(918): Technically ya I did. Hes tried to get down my pants like 3 times now and every time I have been all “these are not the Droids you are looking for”
(478): How the fuck did I get back? Last thing I remember is being on some hot guy’s shoulders yelling at girls shaking their asses
(770): We’ll talk about it later…
(971): Yeah. It’s just like I have his virginity and he has my shoes and where do we go from here.
(612): It’d be easier to list the surfaces my ass hasn’t been on.
(407): I don’t think I can recall what a 23 year old cock felt like if one slapped me in the face.
(320): What happened to my face?
(715): You kneed yourself in the eye during the Harlem Shake.
(715): It was impressive.
(317): You need a sexual gate keeper
(231): Took “drink until he’s cute” to a whole new level last night…

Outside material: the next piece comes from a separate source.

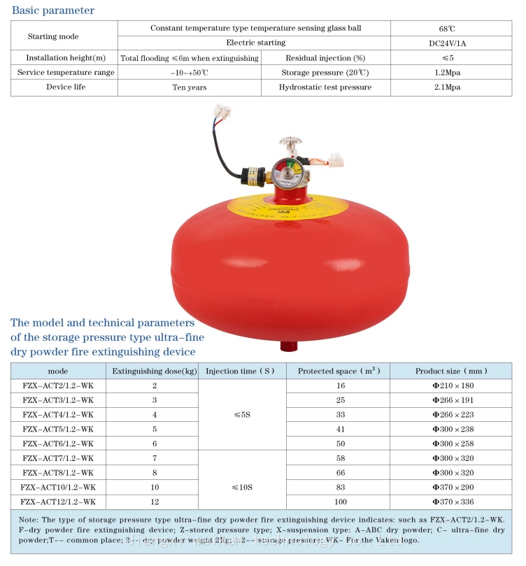 This fire suppression system consists of a fire extinguishing agent storage tank, ultra-fine dry powder fire extinguishing agent, omnidirectional nozzles, heat or electric initiation devices, mounting brackets, and other components.

(603): There’s a bus with a band full of dancing women in bras. I think I like it here.
(417): I just crashed on my couch and have no intention of ever getting up again
(1-417): I will be over with a bedpan and beer
(403): I am his drunk Jesus. I will love him from afar because he’s my little lamb
(859): The two of us decided to throw a spur-of-the-moment parade and the next thing I know we’re 4 miles down the road being followed by 65 drunk strangers
(334): I have no idea. He was just running around wearing a horse mask yelling “bumfuck” repeatedly. We figured we’d just let him get it out of his system.
(570): Sit down my child. It’s time you were told of my famous loss-of-virginity story entitled, “The Penis that Never Could.”
(216): Just saw a dude dressed as captain america driving down the highway. He saluted me.